Environment & Energy

I think I already more or less answered this question, by showing the thermal efficiency of electrolysis to be roughly 85% at best, although for a real useful measure it matters when the solar energy is produced.

Thus, in a very, very, very (almost uselessly) crude way you would need 1/.85 = 1.18 EJ, not counting compression and liquefaction. If your storage tank was very large and very strong, you may avoid liquefaction, but with liquefaction, 1.18/0.7 = 1.68 EJ. In either case you would still need compression.

Again the embodied energy of the systems, pipes, tanks, compressors are ignored.

This will involve, at 120 MJ/kg LHV about 14 billion kg of hydrogen, and 8 times that mass of water ignoring evaporative losses, because we choose to be sloppy and as crude as possible. Since the molecular weight of hydrogen is 1/8 that of water, you would need, again ignoring evaporative losses from resistance heat, about 112 billion kg of water.

But again, this is uselessly crude, particularly because hysteresis and low current conditions are ignored.

1 EJ represents, as their are 86400 seconds in a day, an average continuous power of 11,600 MW.

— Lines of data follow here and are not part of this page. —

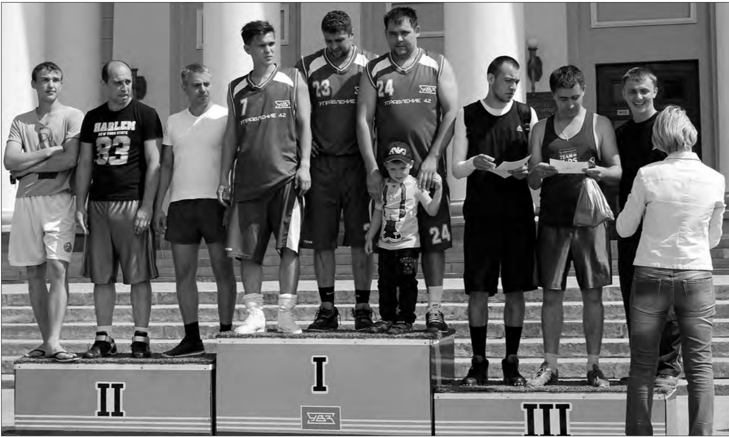
Лучшие команды Уралвагонзавода: первое место – 42-е управление, второе место – цех 160, третье – 99-е управление.
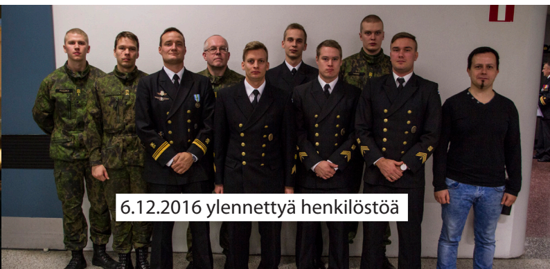
6.12.2016 ylennettyä henkilöstöä
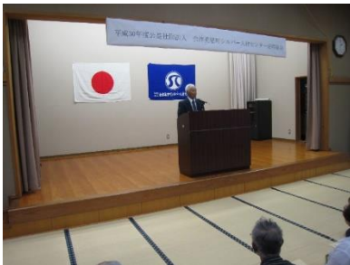
長谷川副理事長より開会のあいさつ
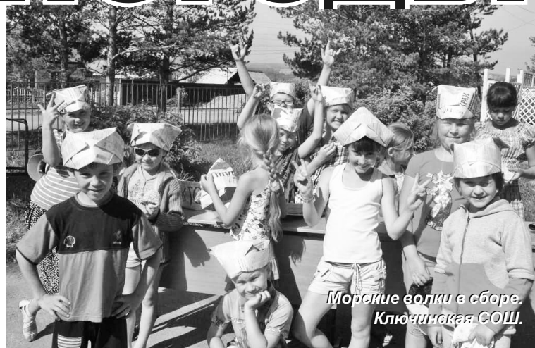
Морские волки в сборе. Ключинская СОШ.
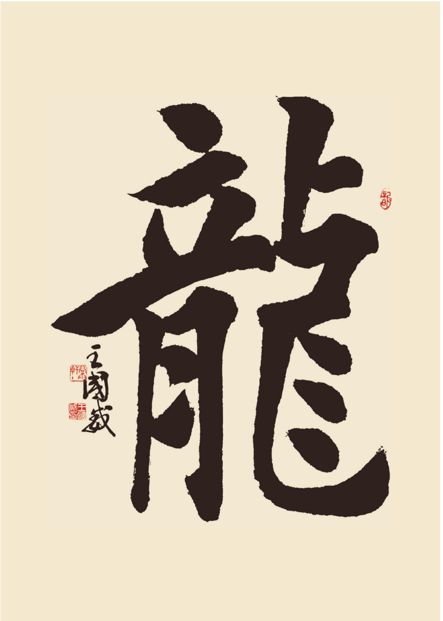
作品規格：138cm × 69cm
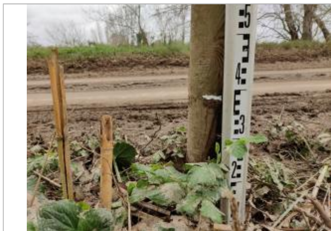
Trace sur le poteau
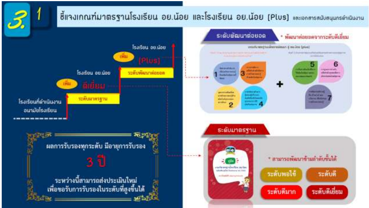
ภาพที่ ๑ แสดงสรุปเกณฑ์มาตรฐานโรงเรียน อย.น้อย

โดยในปีงบประมาณ พ.ศ. ๒๕๖๖ สำนักงานสาธารณสุขจังหวัดพิจิตร ขอให้โรงเรียน อย.น้อย ทุกแห่ง ส่งประเมินมาตรฐานโรงเรียน อย.น้อย และโรงเรียน อย.น้อย พลัส ในระบบ FDACenter ภายในวันที่ ๓๑ กรกฎาคม ๒๕๖๖
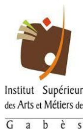
Institut Supérieur des Arts et Métiers de G a b è s
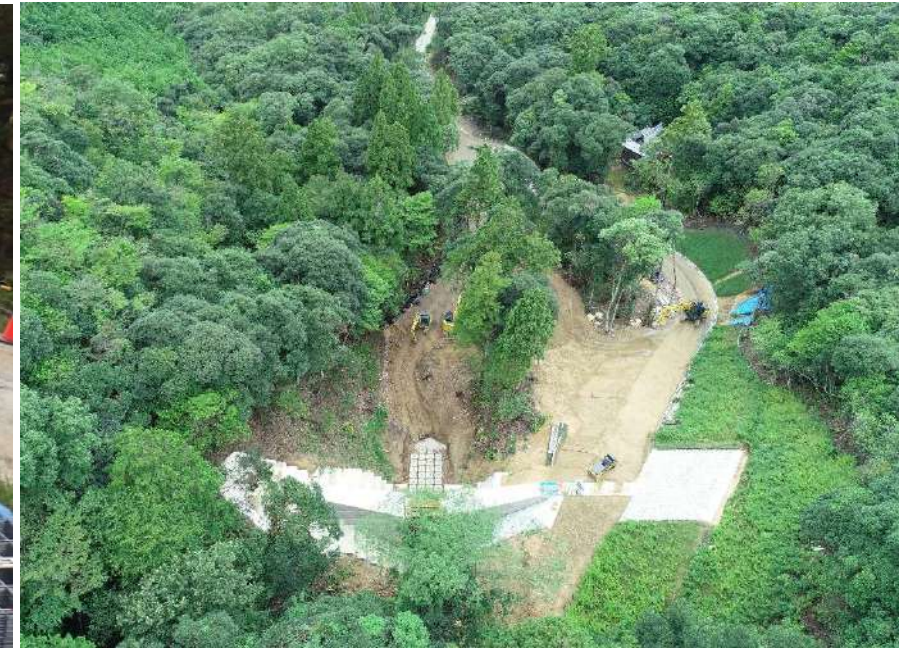
ドローンでの空撮です(9月2日PM現在)。
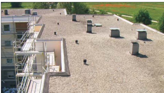
Häufig anzutreffen: Bekieste Bitumendächer mit Lüftern und Kaminen erschweren den Zugang zum Dämmhohlraum.

Daher kann es nicht verwundern, dass isofloc diese Dämmaufgabe enorm kostengünstig gemeistert hat.
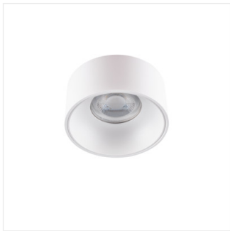
MINI RITI GU10 W/W
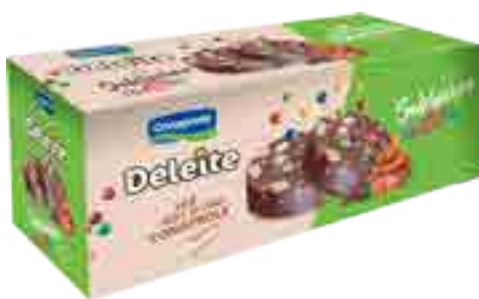
Salchich3n con Confites Cont. Neto 500 grs
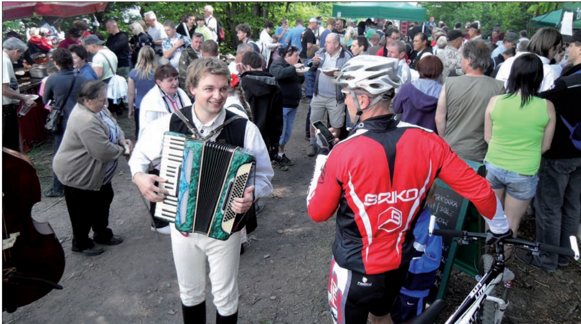
Cieślarski to niepozorny szczyt. W niedzielę zmieściło się na nim naprawdę dużo osób, chyba najwięcej w historii.

Blisko 3000 Cieślarsów żyje na Śląsku Cieszyńskim, najwięcej w Wiśle. Według danych z 31 grudnia 2010 roku Wiśla miała nieco ponad 11 tysięcy mieszkańców, w tym 989 Cieślarsów. Jak łatwo policzyć, niemal co dziesiąty wiślanin jest Cieślarskim. Jak się odróżniają od siebie? Problem mogą mieć na przykład Janowie Cieślarscy, których jest... 71.
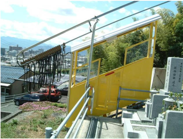
ドアに安全装置付

Many times, particularly on cloudless days, solar output has a (mildly) Gaussian aspect. Near the most recent Equinox in California, (CAISO) that of this past March, there seems to have been clouds and or rain drifting in around this time, and the autumn equinox was also a little bit noisy, so I selected 9/24/2022, near the autumn equinox for the following graphics showing near the peak, the rough 1/2 height in the morning, in this case 8:00 am and the afternoon half-height, 19:25:







The peak was not quite at noon, but noon is close enough. This is important because the thermodynamic efficiency for the electrolyzers will change with the current.

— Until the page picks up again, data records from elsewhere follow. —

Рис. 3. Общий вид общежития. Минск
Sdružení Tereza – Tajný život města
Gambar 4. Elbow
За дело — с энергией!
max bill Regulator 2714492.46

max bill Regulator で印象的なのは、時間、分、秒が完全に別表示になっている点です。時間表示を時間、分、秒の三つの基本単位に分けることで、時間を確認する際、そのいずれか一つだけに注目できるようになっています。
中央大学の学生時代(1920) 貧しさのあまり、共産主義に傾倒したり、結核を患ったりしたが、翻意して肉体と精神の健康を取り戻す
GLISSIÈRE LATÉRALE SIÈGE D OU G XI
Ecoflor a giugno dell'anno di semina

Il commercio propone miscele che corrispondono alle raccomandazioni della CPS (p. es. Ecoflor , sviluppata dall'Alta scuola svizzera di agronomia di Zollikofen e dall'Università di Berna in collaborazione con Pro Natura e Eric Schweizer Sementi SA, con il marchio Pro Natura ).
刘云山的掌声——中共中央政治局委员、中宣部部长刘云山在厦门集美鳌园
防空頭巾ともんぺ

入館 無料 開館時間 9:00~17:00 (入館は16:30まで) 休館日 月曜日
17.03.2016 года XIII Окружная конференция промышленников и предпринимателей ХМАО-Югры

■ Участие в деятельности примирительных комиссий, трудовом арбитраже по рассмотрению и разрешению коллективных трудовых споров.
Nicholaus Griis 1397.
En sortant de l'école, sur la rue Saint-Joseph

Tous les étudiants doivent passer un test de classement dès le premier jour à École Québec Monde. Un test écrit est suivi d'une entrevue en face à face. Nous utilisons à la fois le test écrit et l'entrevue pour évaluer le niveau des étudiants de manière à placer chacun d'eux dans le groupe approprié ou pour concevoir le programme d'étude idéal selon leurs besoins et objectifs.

At noon, you're storing energy, at half height you're breaking even, and you're burning hydrogen before half height in the morning, and after half height in the afternoon. You have about 9 and a half hours where you're storing energy as hydrogen, and 15 and a half hours where you're burning it to keep the power level constant. This will surely increase the 1.68 EJ to a higher number.

This will impact your tank size, and thus your external costs.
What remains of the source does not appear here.